• Work request
The reply should contain every entry exactly as given, with no pictures in it.
::::::::
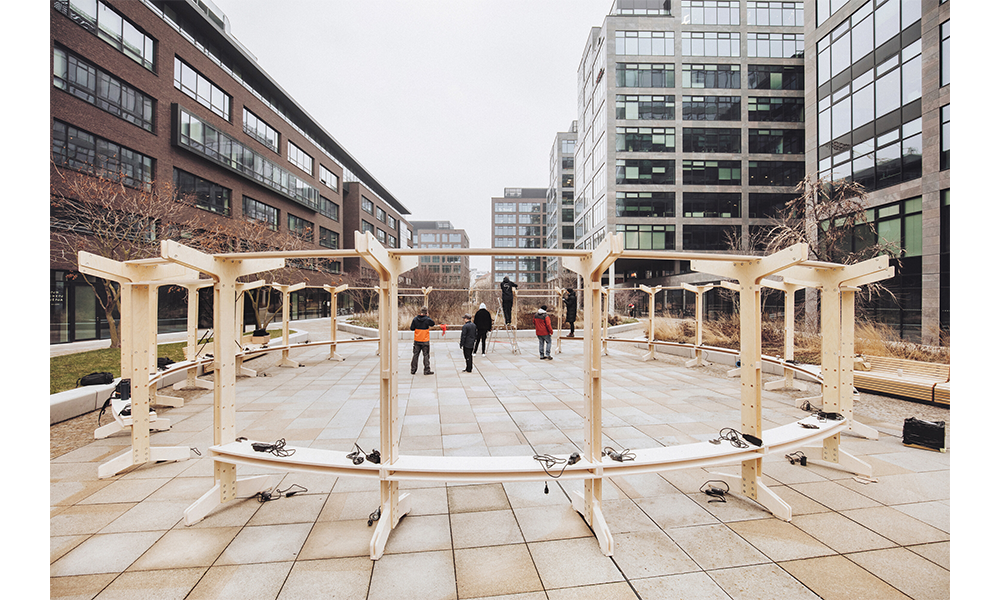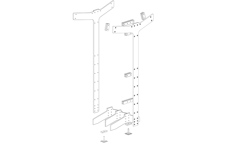 MODULAR, DURADERO, REUTILIZABLE: Hecho de tablones de madera contrachapada cortados por CNC con un desperdicio mínimo en los recortes, la base está diseñada como un sistema modular compuesto por patas verticales y bancos horizontales. Los componentes se atornillan entre sí para formar una estructura de soporte de carga circular que proporciona estabilidad a la carrocería.
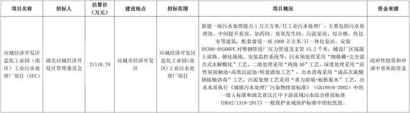湖北省应城经济开发区盐化工业园(南区)工业污水处理厂项目(EPC)招标计划发布。
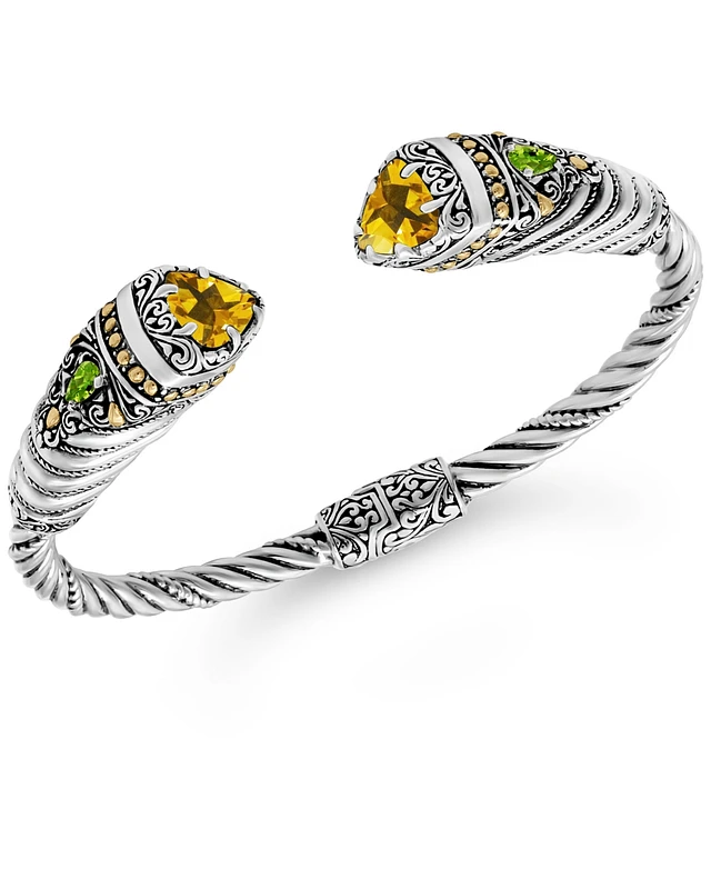 Devata Swiss Blue Topaz, Peridot, Citrine & Bali Ubud Cuff Bracelet in Sterling Silver and 18K Gold
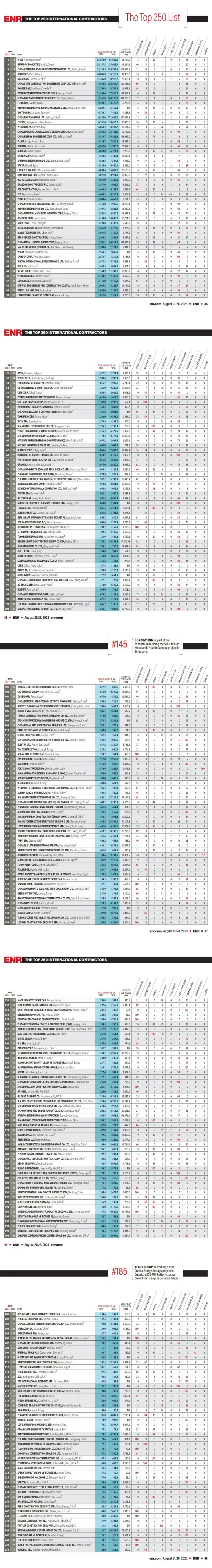 附件:2023年度《美国工程新闻纪录(ENR)》全球最大250家国际承包商完整榜单
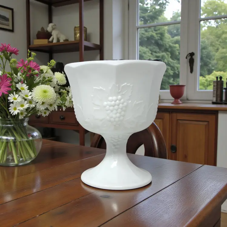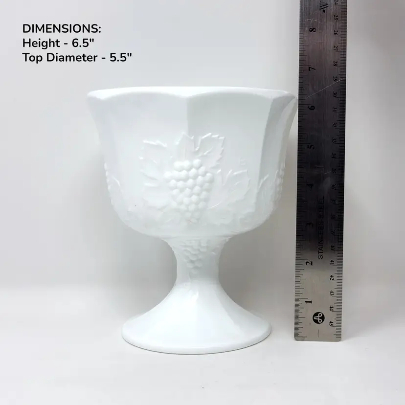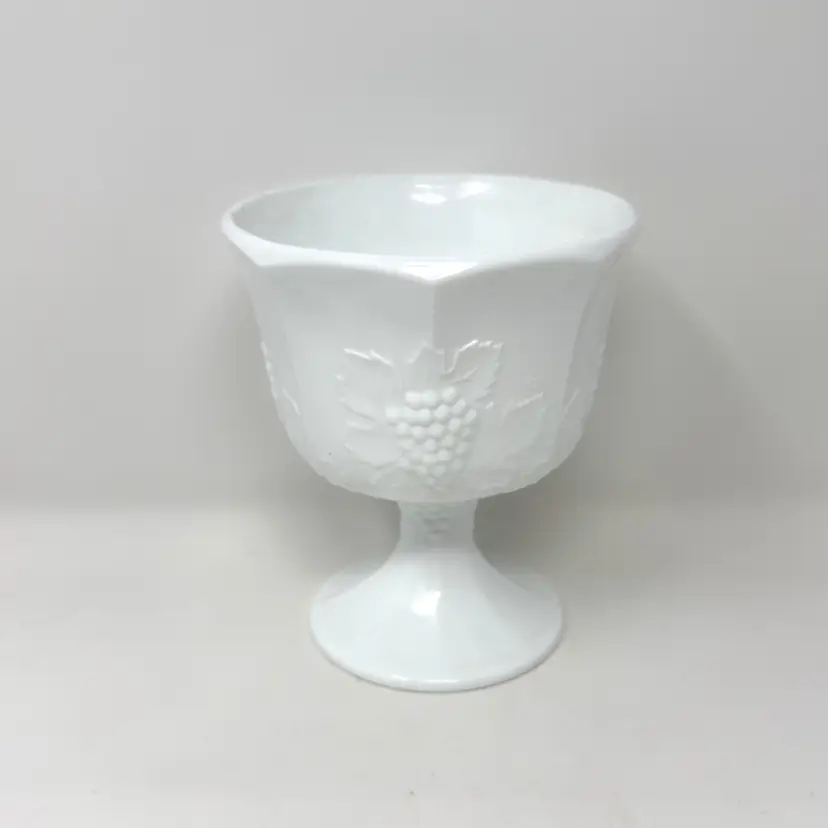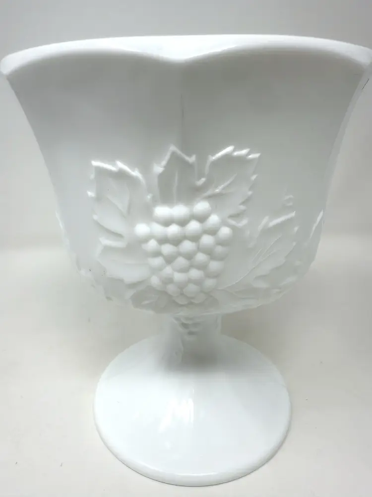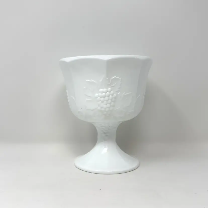 Classic white milk glass compote with embossed grape design. A timeless Indiana Glass piece for cottagecore charm or elegant vintage display.
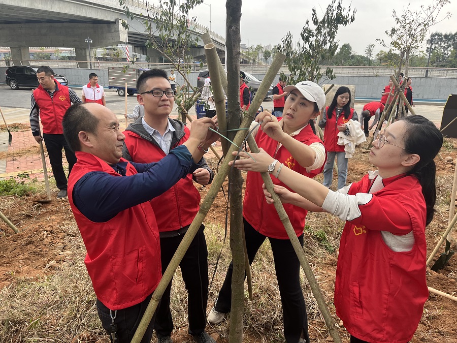 隨后,參加人員前往芙蓉產(chǎn)業(yè)中心開展植樹活動(dòng),黨員們熱情高漲、干勁十足,現(xiàn)場一片忙碌的景象。大家團(tuán)結(jié)協(xié)作、配合默契。經(jīng)過通力合作,一棵棵樹苗整齊地挺立在綠地上,與金燦燦的黨徽、鮮紅的黨員志愿服相映形成一道亮麗的風(fēng)景線。下來,我司將持續(xù)發(fā)揮基層黨組織戰(zhàn)斗堡壘作用和黨員干部先鋒模范作用,引導(dǎo)黨員干部當(dāng)好“綠美莞邑”的參與者,探索開展多形式黨建共建活動(dòng),為推動(dòng)“百千萬工程”貢獻(xiàn)更大力量。
::::::::
• Solution to this problem
 MODULAR, DURADERO, REUTILIZABLE: Hecho de tablones de madera contrachapada cortados por CNC con un desperdicio mínimo en los recortes, la base está diseñada como un sistema modular compuesto por patas verticales y bancos horizontales. Los componentes se atornillan entre sí para formar una estructura de soporte de carga circular que proporciona estabilidad a la carrocería.
湖北省应城经济开发区盐化工业园(南区)工业污水处理厂项目(EPC)招标计划发布。
 Devata Swiss Blue Topaz, Peridot, Citrine & Bali Ubud Cuff Bracelet in Sterling Silver and 18K Gold
 附件:2023年度《美国工程新闻纪录(ENR)》全球最大250家国际承包商完整榜单
 Classic white milk glass compote with embossed grape design. A timeless Indiana Glass piece for cottagecore charm or elegant vintage display.
 隨后,參加人員前往芙蓉產(chǎn)業(yè)中心開展植樹活動(dòng),黨員們熱情高漲、干勁十足,現(xiàn)場一片忙碌的景象。大家團(tuán)結(jié)協(xié)作、配合默契。經(jīng)過通力合作,一棵棵樹苗整齊地挺立在綠地上,與金燦燦的黨徽、鮮紅的黨員志愿服相映形成一道亮麗的風(fēng)景線。下來,我司將持續(xù)發(fā)揮基層黨組織戰(zhàn)斗堡壘作用和黨員干部先鋒模范作用,引導(dǎo)黨員干部當(dāng)好“綠美莞邑”的參與者,探索開展多形式黨建共建活動(dòng),為推動(dòng)“百千萬工程”貢獻(xiàn)更大力量。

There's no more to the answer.